Dopo un anno di paura sembrava avercela fatta, Andrea. Doverosa, seppure di carattere puramente formale, la convocazione di Lippi. Ovviamente non sarebbe andato neppure in panchina. In tribuna sì. Felice di ritrovarsi nuovamente nel gruppo insieme con i suoi compagni che gli volevano bene e soprattutto con i suoi due grandi amici fraterni che erano Luca Vialli e Fabrizio Ravanelli. Il popolo juventino tirò un lungo sospiro di sollievo. Il ritorno alla vita di Andrea Fortunato provvedeva a mitigare un poco il grande senso di colpa che affliggeva i tifosi, consapevoli di aver preso un clamoroso abbaglio quando dubitarono della correttezza professionale del giovane campione. “Lavativo e borderline”, a quel modo impietoso era stato giudicato dalla “piazza” nel momento in cui, senza una ragione apparente, il comportamento in campo di Fortunato ai più era parso svogliato e inconcludente. Si fa presto a caricare la croce del sospetto e della maldicenza se non si sa esattamente di che cosa o di chi si parla. La verità era ben diversa da quella spettegolata a vanvera. Andrea non era un fannullone. Andrea era semplicemente malato. Molto malato. Spesso sveniva e perdeva sangue dal naso. Ecco che, in quella domenica dei febbraio 1995, la gente juventina e anche quella non necessariamente partigiana ma soltanto sportiva presentò idealmente e di cuore le sue scuse a quel ragazzo così perbene e a quel calciatore così bravo.Scuse che, da quel giorno e fino a oggi, ventidue anni dopo e poi per sempre, continueranno a essere formulate con intensità seppure alla memoria. Perché Andrea Fortunato, dopo aver vissuto quel giorno a Marassi come l’istante di una miracolosa rinascita, due mesi dopo era morto. L’illusione finiva in pezzi come un cristallo delicatissimo il 25 aprile, giorno della festa della Liberazione.

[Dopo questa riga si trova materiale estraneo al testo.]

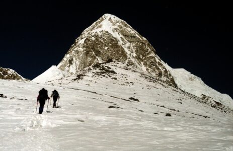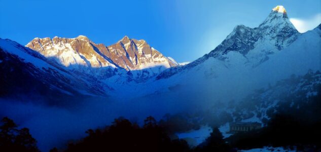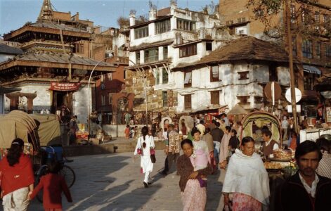 Als ich in Delhi eintraf, erfuhr ich rasch von der Verschiebung des Weiterflugs nach Kathmandu wie auch den Grund dafür. Heftige Regenfälle und Überschwemmungen legten die nepalesische Hauptstadt kurzfristig lahm. Tags darauf gelangte ich dennoch hin und ich pirschte mich durch die Aufräumarbeiten in die viel gepriesenen Sehenswürdigkeiten wie hauptsächlich buddhistische Tempel diverser Anhöhen, Schreinen, Stupas und Pagoden. Mit einer beim Verharren am Delhi-Airport kennengelernten Slowenin besuchte ich auch die historische Kaiserstadt Bhaktapur samt gastronomischer Infrastruktur. Ziel war allerdings das höchste und mächtigste Gebirge der Welt, also nutzte ich die nächste Gelegenheit um mit einem Helikopter, tieffliegend wie ein Huhn und mit bester Aussicht auf die vor allem am Reisfeld arbeitenden Menschen, mit schneebedecktem Himalaya am Horizont, in das ca. 2.800m hoch gelegene Bergdorf Lukla zu kommen. Von dort aus wanderte ich für 2 Wochen über das Sherpadorf Namche-Bazar und dem Tengboche-Kloster, vorbei am heiligen Berg Ama Dablam bis in das Basislager des Mount Everest. An der 8.500m hohen Lotse-Flanke bis zu Mera- u. Islandpeak, zum wunderschönen Gokyo-Lake und auf den dem Mount Pumori benachbarten Kala Patthar, mit perfektem Blick auf den Sagarmatha genannten Everest. Am Weg dorthin schlief ich gut und günstig bei Sherpas, deren aufgeweckte und nicht englischsprechende Kinder mich liebevoll „Pizza“ nannten. Die einzigartige Szenerie und das klare tiefblau wolkenlose Wetter mit frischestem tiefem Neuschnee hatte natürlich ein Vorspiel. Schon beim Aufstieg kamen mir mehrere mittels Ackjas oder sonstigen Bahren violett-gefrorene Leichen entgegengetragen, nachdem es zuvor dort wider Erwarten (vermutlich während des Regens in Kathmandu) 3 Tage lang durchgeschneit hat und Bergsteiger eingekesselt wurden. Stellenweise war es nur möglich über größere Steine im Flussbett entlang weiterzukommen, dafür konnte ich nebst meinem in Namche Bazar kennengelernten Bergkameraden Dexter (oder hieß er Gordon?) überall erster sein. Erster war ich auch an einer steilen Stelle, wo ein schwer beladener Yak abgestürzt war und sich zwischen 2 Felsen verfing. Sein zweibeiniger einheimischer Begleiter versuchte schon verzweifelt, das von dem Tier getragene Zeug quasi ins Trockene hinaufzubekommen. Erst half ich ihm natürlich dabei und während wir noch auf Dexter oder mögliche andere Bergsteiger warteten, banden wir unser Yak an Seile, mit denen wir es dann nach Eintreffen letzterer gemeinsam und mühsam wieder in die Spur ziehen konnten. Dieses an sich eher scheue Tier kuschelte sich an mich und leckte mir die Hände und meine Augen wurden prompt anderwärtig feucht! So sehr mir die Szenerie dieses traumhaften Bergpanoramas …ein Stück weit erinnerlich ist (oje, diese Ausdrucksweise kenn i doch von ungustiösen österreichischen Schnöselpolitikern!), so sehr fragwürdig und abstoßend erschien mir damals schon das Verhalten einiger Bergtouristen. Es war eigentlich üblich, in den über 5.000m hohen Behausungen nicht den Raum zu heizen, sondern nur für das Kochen des Tees Feuer zu machen und das ausschließlich mit Yak-Scheiße. Skrupellose, vorwiegend Russen und Amis, hatten mit ihren Rubels und Dollars Sherpas genötigt oder geschmiert, Cola in Kisten, schwerer als deren Körpergewicht, in noch höhere Regionen zu schleppen. Wasser für Tee oder auch pur hätte der Schnee geliefert. Mit Brennholz verhielt es sich ebenso, Sherpas mussten jeweils bis zur oder knapp unter die Baumgrenze bei 3.000 bis 3.500m absteigen, um Unmengen Holz für das Beheizen der hochgelegenen Steinhütten rauf zu schaffen, damit Idioten in T-Shirts etc. rassistische und frauenfeindliche Sprüche zum …schlechtesten, von sich geben konnten. Nicht nur wegen des Klimawandels, auch deshalb hat sich die Baumgrenze schon in weit tiefere Regionen verlagert. Auch dass der gesamte Müll solcher Leute und leere Sauerstoffflachen, sowie vereinzelt auch tiefgefrorene Leichen, auf weit über 6.000m oben bleiben, bedarf eigener Sammeltrupps, die dann nicht selten in Schlechtwetter geraten und ihr Leben aufs Spiel setzen müssen, oft auch ohne happy end! Okay, Ich verbrachte 3 Nächte bei minus 25 Grad Außen- und ca. -10 Grad Innentemperatur in meinem viel zu oft schon ge- u. verwaschenen Bundesheerschlafsack. Die daraus resultierende Erkältung veranlasste mich etwas beschleunigter abzusteigen und bald den Süden von Indien anzusteuern. Zurück nach Kathmandu flog ich erstmal mit einem Sportflieger von der kürzesten und steilsten Landepiste der Welt. In Kalkutta wurde zwischengelandet und ich wühlte mich durch dichtestes Verkehrschaos von farbeprächtigen Menschenmassen, Rikschas, Vehikeln aller nur denkbaren Hoch- u. Querformate, 1-, 2- und ?-spurig und natürlich unzähligen Heiligen Kühen, die damals fast noch sowas wie Vorrang hatten. Mutter Teresa konnte ich nicht finden, wahrscheinlich nur des Smogs wegen und der vielgerüchigen Abgase, durch die man nicht sonderlich weit blicken konnte?! Über Madras (heute Chennai) gelange ich nach Tamil Nadu an der Südostküste. Die Strände des Golfs von Bengalen waren großer Brandung ausgesetzt und die vielen Fischer benötigten meist mehrere Versuche, um über riesige Wellen waghalsig ins Meer rauszukommen. Das erstaunliche für mich war, dass gottesfürchtig fast keiner von denen schwimmen konnte. Mahabalipuram hieß der auserwählte Ort, von dem ich schon von meinem Bruder erzählt bekam, da er dort zuvor schon mehrere Jahre gelebt hatte (Er selbst war da gerade mit seiner Lebensgefährtin Karin per Dieselmotorrad in Ladakh unterwegs). Es war ein Dorf von unzähligen Steinmetzen und es wurde fast rund um die Uhr gehämmert, gebohrt, gesägt und geschliffen, was mich nicht störte, da ich in dieser Zeit im Ösiland nebenbei selber derart tätig war. In oder aus riesigen Felsformationen wurden ganze Tempel, hier meist für Hindus, gehauen, oder gigantische 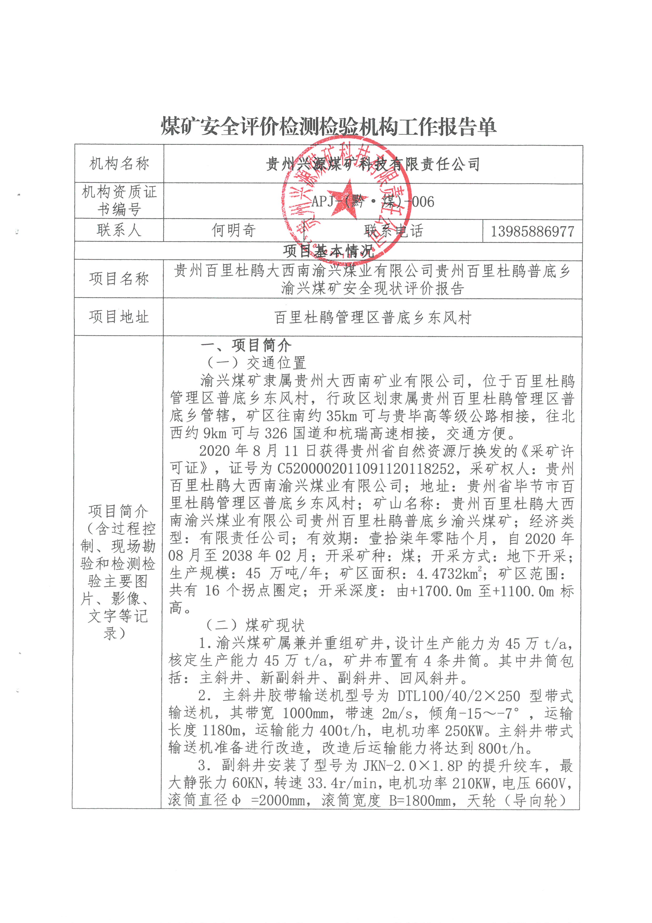 煤矿安全评价检测检验机构工作报告单【贵州省黔西县兴鳌矿业有限公司黔西县观音洞镇高坡煤矿安全现状评价】

Una vita bruciata da un lampo. Ventitré anni. Il tempo per un battito di ciglia. Ma anche tantissimo per ciò che seppe regalare a chi ebbe la fortuna di conoscerlo, di frequentarlo, di lavorare con lui e di volergli bene al punto da battezzare un primogenito con il suo nome come fece Stefano Tacconi. Andrea che, per origine etimologica, significa uomo coraggioso e lottatore. Esattamente combattente come fu lui, sino alla fine. Nel suo cognome invece, Fortunato, soltanto la fotografia paradossale e beffarda di un destino bastardo.